### Task description
Print out the data precisely as it appears here, with no pictures.

### Given material
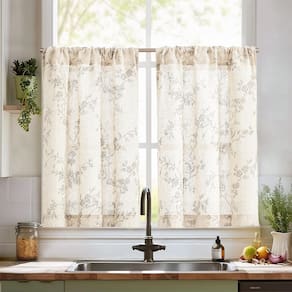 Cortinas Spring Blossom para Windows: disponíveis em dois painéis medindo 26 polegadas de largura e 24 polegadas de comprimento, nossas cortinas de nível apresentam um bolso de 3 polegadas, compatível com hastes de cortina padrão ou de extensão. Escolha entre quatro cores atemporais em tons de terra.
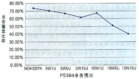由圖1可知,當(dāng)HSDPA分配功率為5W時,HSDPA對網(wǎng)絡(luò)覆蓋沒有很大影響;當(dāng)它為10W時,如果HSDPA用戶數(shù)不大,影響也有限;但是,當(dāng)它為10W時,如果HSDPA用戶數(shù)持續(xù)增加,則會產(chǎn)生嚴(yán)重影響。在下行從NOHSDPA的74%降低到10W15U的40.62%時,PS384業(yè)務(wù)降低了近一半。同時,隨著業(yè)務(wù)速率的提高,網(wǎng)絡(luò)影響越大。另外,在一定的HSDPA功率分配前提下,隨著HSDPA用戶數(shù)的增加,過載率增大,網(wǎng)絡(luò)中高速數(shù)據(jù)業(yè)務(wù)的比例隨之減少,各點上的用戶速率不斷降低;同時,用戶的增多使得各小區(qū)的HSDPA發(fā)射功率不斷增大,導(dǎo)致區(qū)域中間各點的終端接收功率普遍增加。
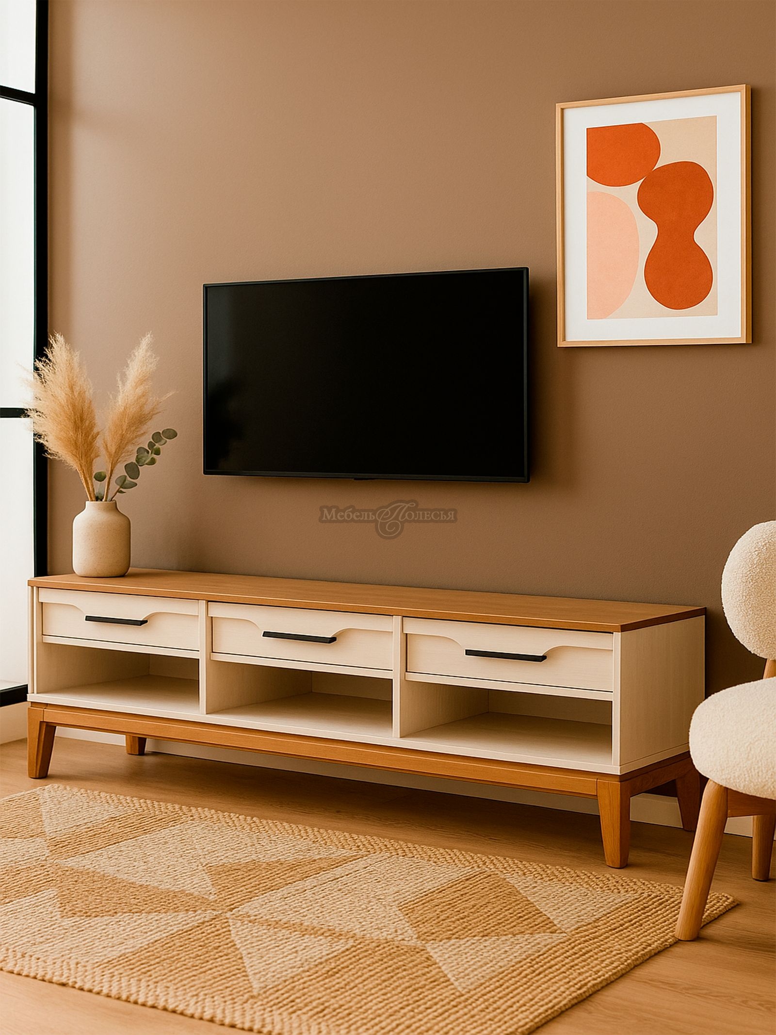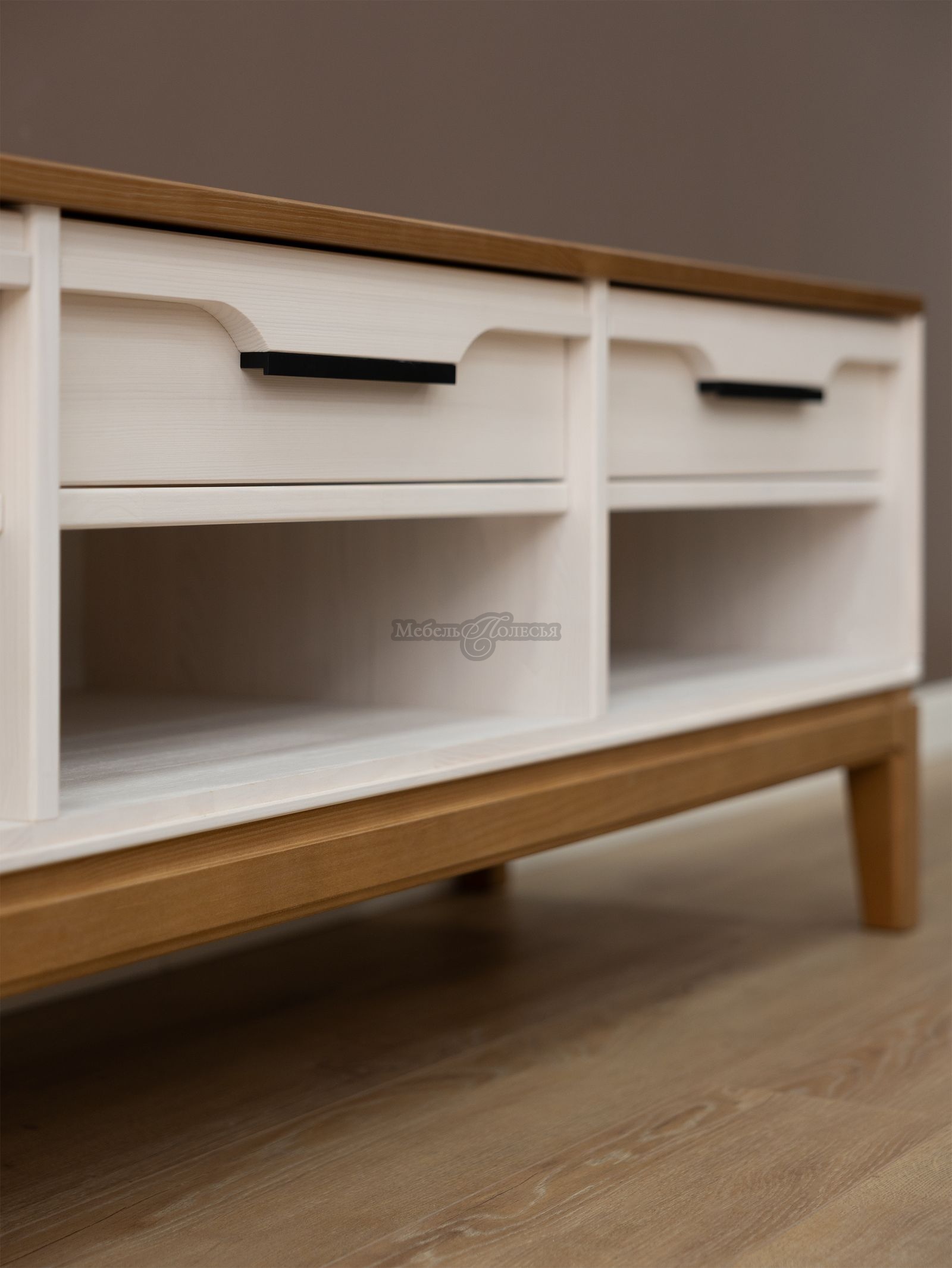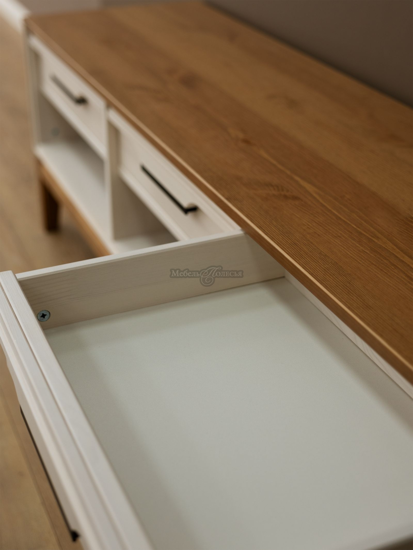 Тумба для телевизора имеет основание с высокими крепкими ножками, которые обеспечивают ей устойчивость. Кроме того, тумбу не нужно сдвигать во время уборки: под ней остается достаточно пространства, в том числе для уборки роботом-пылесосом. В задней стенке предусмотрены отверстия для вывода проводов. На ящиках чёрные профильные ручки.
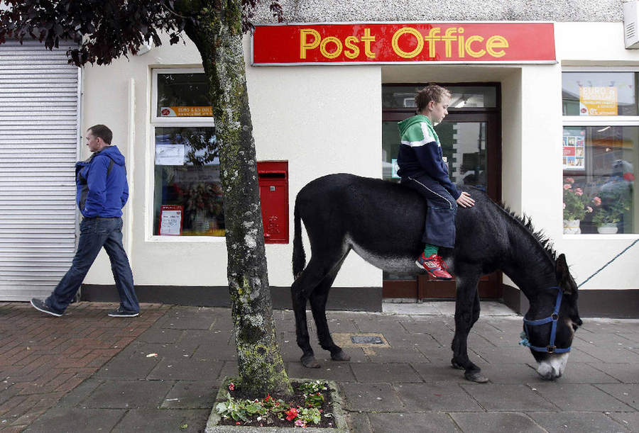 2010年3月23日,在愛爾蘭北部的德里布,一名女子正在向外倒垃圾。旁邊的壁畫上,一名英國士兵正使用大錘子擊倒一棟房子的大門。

### Exercise result
 Cortinas Spring Blossom para Windows: disponíveis em dois painéis medindo 26 polegadas de largura e 24 polegadas de comprimento, nossas cortinas de nível apresentam um bolso de 3 polegadas, compatível com hastes de cortina padrão ou de extensão. Escolha entre quatro cores atemporais em tons de terra.
由圖1可知,當(dāng)HSDPA分配功率為5W時,HSDPA對網(wǎng)絡(luò)覆蓋沒有很大影響;當(dāng)它為10W時,如果HSDPA用戶數(shù)不大,影響也有限;但是,當(dāng)它為10W時,如果HSDPA用戶數(shù)持續(xù)增加,則會產(chǎn)生嚴(yán)重影響。在下行從NOHSDPA的74%降低到10W15U的40.62%時,PS384業(yè)務(wù)降低了近一半。同時,隨著業(yè)務(wù)速率的提高,網(wǎng)絡(luò)影響越大。另外,在一定的HSDPA功率分配前提下,隨著HSDPA用戶數(shù)的增加,過載率增大,網(wǎng)絡(luò)中高速數(shù)據(jù)業(yè)務(wù)的比例隨之減少,各點上的用戶速率不斷降低;同時,用戶的增多使得各小區(qū)的HSDPA發(fā)射功率不斷增大,導(dǎo)致區(qū)域中間各點的終端接收功率普遍增加。
 Тумба для телевизора имеет основание с высокими крепкими ножками, которые обеспечивают ей устойчивость. Кроме того, тумбу не нужно сдвигать во время уборки: под ней остается достаточно пространства, в том числе для уборки роботом-пылесосом. В задней стенке предусмотрены отверстия для вывода проводов. На ящиках чёрные профильные ручки.
 2010年3月23日,在愛爾蘭北部的德里布,一名女子正在向外倒垃圾。旁邊的壁畫上,一名英國士兵正使用大錘子擊倒一棟房子的大門。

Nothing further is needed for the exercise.